After extenisve molecular and culture-based diagnostics turned up negative, we were asked whether microbiome profiling might be able to identify putative organisms associated with the outbreak. Given that the causative agent could be bacterial, viral or something else entirely, we opted to carry out ‘shotgun’ metagenomic profiling of stool samples obtained from affected mice and controls. To start this tutorial, you’ll want to download that data here. A few things to take note of:

  • there are 6 .fastq files total. Download them all, and it doesn’t matter where you put them on your computer
  • Files have been subsampled to 1 million reads each using seqtk, so that this tutorial moves more quickly
  • you’ll need about 2Gb of space on your harddrive to store these files
  • each file contains sequence reads from the stool of 1 mouse.
  • each file is gzip’d (ends in .gz). This is a compression format. Do not unzip the files after you’ve downloaded them
  • There are 3 files from control mice and 3 from affected. This will be obvious from the file names

The goal of this tutorial is to use cloud-based metagenomics to identify organisms associated with this devastating outbreak.

Running MetaPhlAn2

Back in Part I of this series, you launched an interactive MetaPhlAn2 session and used the -l option to create a folder called data. You’ll want to make sure to fire up this interactive session again

sudo ./Chiron/bin/phlan_interactive -l ~/data
#the -l option tells the interactive to create a new folder in our home directory called 'data', and sets this folder as the default from which data will be read and to which outputs will be saved 
#This is where we'll put all our raw sequence data for analysis

Using FileZilla, transfer these files from your computer to the data folder on your cloud instance. If your confused about how to do this, you may want to go back and watch my video on how to connect use and FTP client to transfer files to the cloud

Now that you have everything in place, you need to naviagte the output folder using within the MetaPhlAn interactive by using cd output. This is where all your files that were placed in the data folder will be available to you while your running an interactive program.
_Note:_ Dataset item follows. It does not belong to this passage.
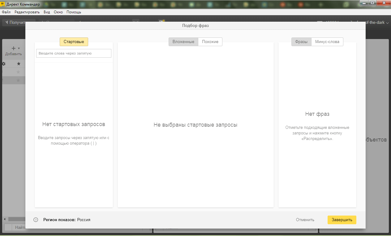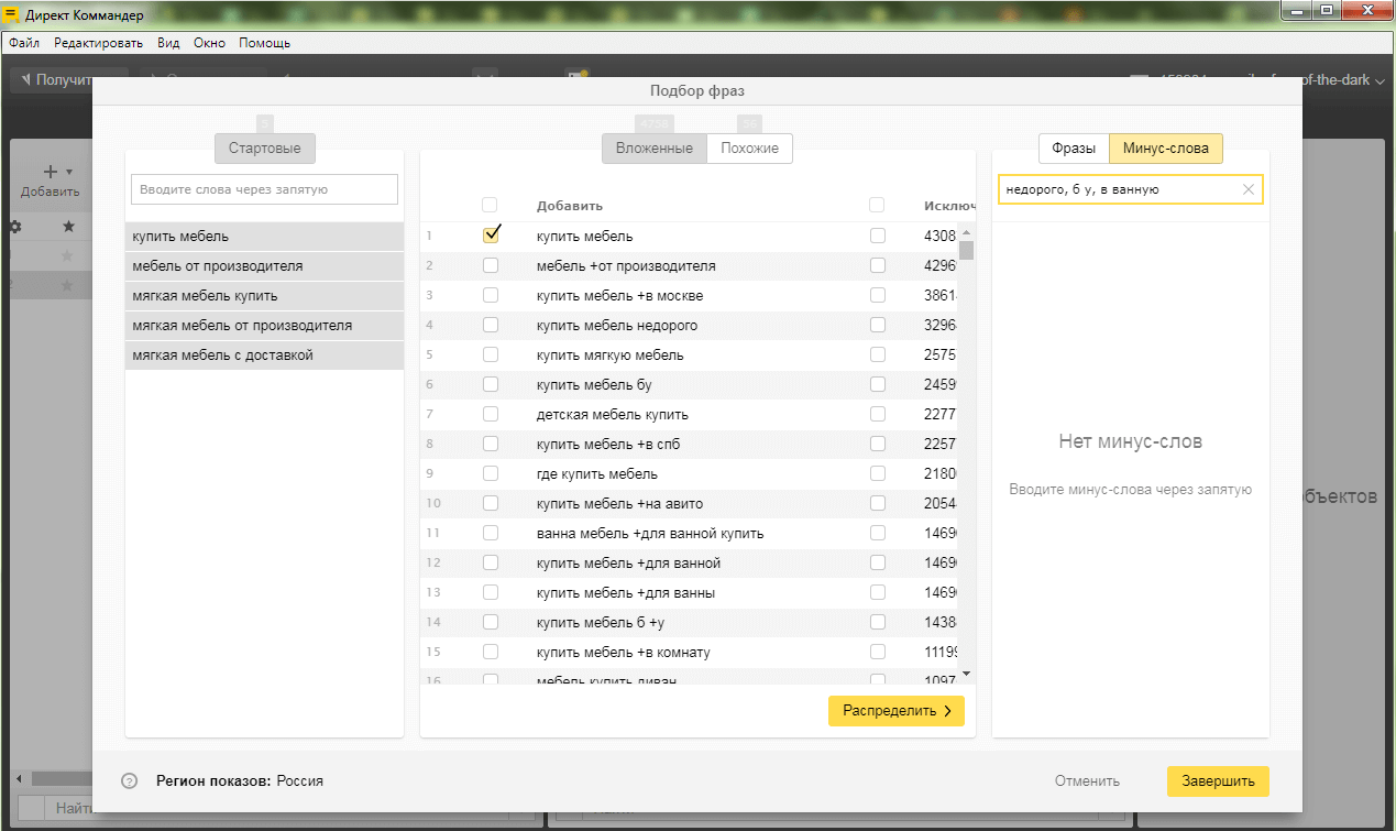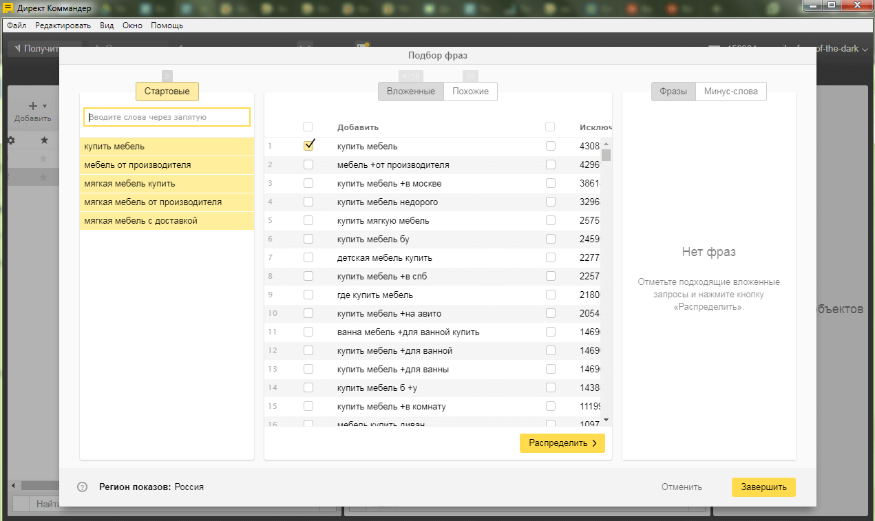 Чтобы распределить слова по объявлениям, нажмите в центральном столбце на раздел «Вложенные», отметьте подходящие ключевые фразы в списке и нажмите на кнопку «Распределить», а затем на «Завершить». Окно с подбором фраз закроется, и вы увидите основное меню Директ Коммандера. На дополнительной, центральной, панели отобразятся объявления под каждую подобранную вами ключевую фразу с учётом минус-слов.
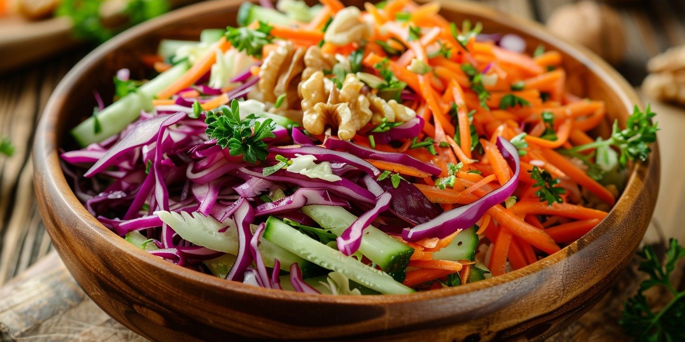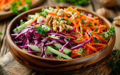 - У салаті є два види капусти — червона і білоголова. Стародавні греки вже були в темі того, яку користь приносить капуста людському організму, а Піфагор навіть написав про неї у своєму трактаті.

let’s run MetaPhlAn2 on one sample using a single line of code.

metaphlan2.py Control7_merged_trimmed.fastq.gz --input_type fastq --nproc 8 > Control7_profile.txt
#the --nproc option lets us choose the number of processors we'd like to use for this job

Once this is done running, take a look at the resulting output file that contains all the taxa identified in a sample You can now modify the input and output to analyze each sample. There’s a more efficient way to do this, using something called a shell script to automate the analysis of all your .fastq files. We’ll come back to this idea at the end of the tutorial.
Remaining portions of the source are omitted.